第54章 你就是为他而拒绝我的吗(第4/4页)

老爷子又打开那套瓷具,林聿淮跟他解释这是釉上彩,不能用来盛食物,主要是图个好意头。

杯盘碗碟一团喜气,做到这份上,足可以见孙子对他的挂心。
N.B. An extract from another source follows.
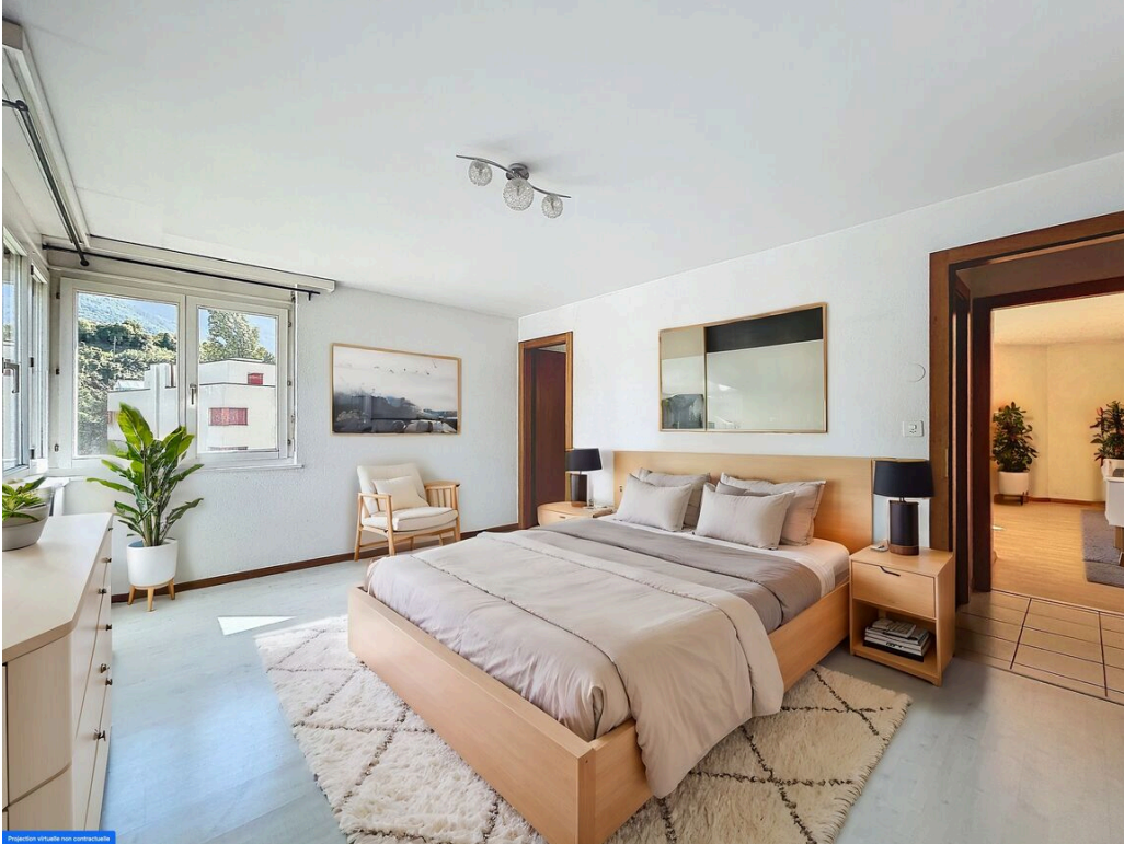
Suite parentale ameublement virtuel

这份有心冲淡了连日来的不满,便也不好再发作,顺着台阶欢天喜地地下来,指挥保姆将那枚花鸟寿字纹碟子搁到电视柜的最上层。

老爷子一高兴,所有人都暗暗舒了口气,全家人和和气气地就座吃饭。

席间林聿淮除了应付爷爷的问寒问暖,留意到哥哥嫂子的眼风似乎总往自己身上飞,期间交颈密语几句, 欲言又止的样子,心里觉得奇怪。
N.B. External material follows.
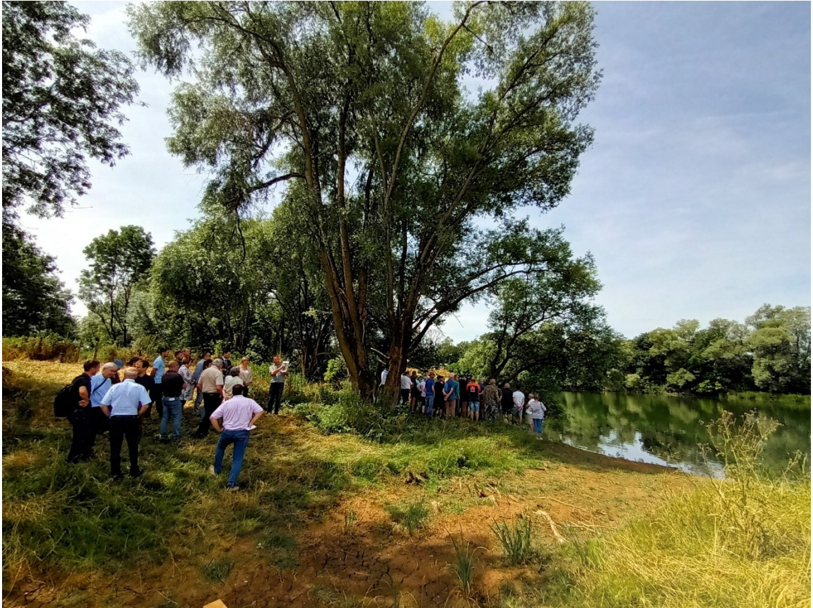
Photographie 5 : Visite de terrain au moment de l'inauguration des travaux

果不其然,在晚饭结束后,大哥叫住了他:“聿淮,我有点事想和你聊聊,现在方便吗?”

两夫妇同林聿淮一起上了楼。嫂子从卧房的柜子里取了一件包裹出来,满脸为难的样子,“那天江老师突然把这个交给我们,嘱咐一定要当面亲自转交给你,却又说不是什么特别着急要紧的事情,等你出差回来也行。”

她看他迟迟不接,往他手里递了递,“我们想着你在外工作一定很忙,不好打扰,后来打了几个电话又说有事,才一直拖到了现在。”
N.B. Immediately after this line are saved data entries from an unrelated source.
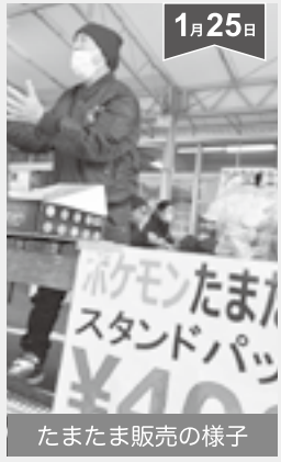
たまたま販売の様子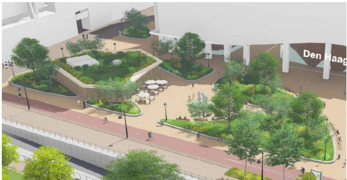
Figuur 2: een groot deel van het plein is vergroend.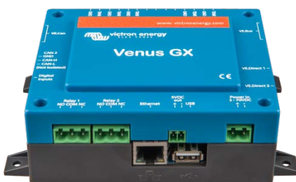
Venus GX Vorderansicht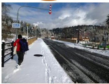
旭岳温泉街の道路

“你放心,我们不知道这里面是什么,也没拆开看过,”大哥补充道。观察到他始终没有言语,试探性地问:“聿淮,你和江老师之间没什么事吧?”

林聿淮从刚才听到第一句话心里就已猜到十之八九,又被那句“不是什么特别着急要紧的事情”刺了一下。

掂着手里的分量,自嘲地苦笑了笑,“没什么,麻烦你们了。”

当着哥嫂的面不好过多解释,他回到自己房间才把包裹拆开。里面端然躺着他送出的那只靛蓝色戒盒,同窗外的夜色融为一体。

外面还欲盖弥彰地裹了张报纸,他却没力气打开再看,密密麻麻的铅字印着过时的新闻,连同他的心情也一起被折了旧。

帘外忽洒了点暮雨,特属于南方冬夜的阴湿附着上来,顺着衣领袖口攀进脏腑,他整个人定在那里,思绪随着呼出的冷气一起飘远。

他脑海中断断续续浮现了许多记忆,从高中江微那件告白未果、至今未见眉目的事开始,到同她相谈甚欢的赵乾宇,再到如今待他很不客气的年轻室友,形形色色,不一而足。最后脑中定格的画面是医院的那个实习医生,鼻梁上架一副眼镜,倒是人模人样。每次他过来,林聿淮都要找借口避开,又常常待不了一会儿就走,她倒也不生气,笑嘻嘻地问他下个月去哪个科室轮转,什么时候才能得空。两人极为熟识的样子,从前竟从没听她提起过。

其实严格来说还是曾见过一两面的,他记得在高三那年的寒假,那男孩帮她拎了一堆东西,守在火锅店外等叫号。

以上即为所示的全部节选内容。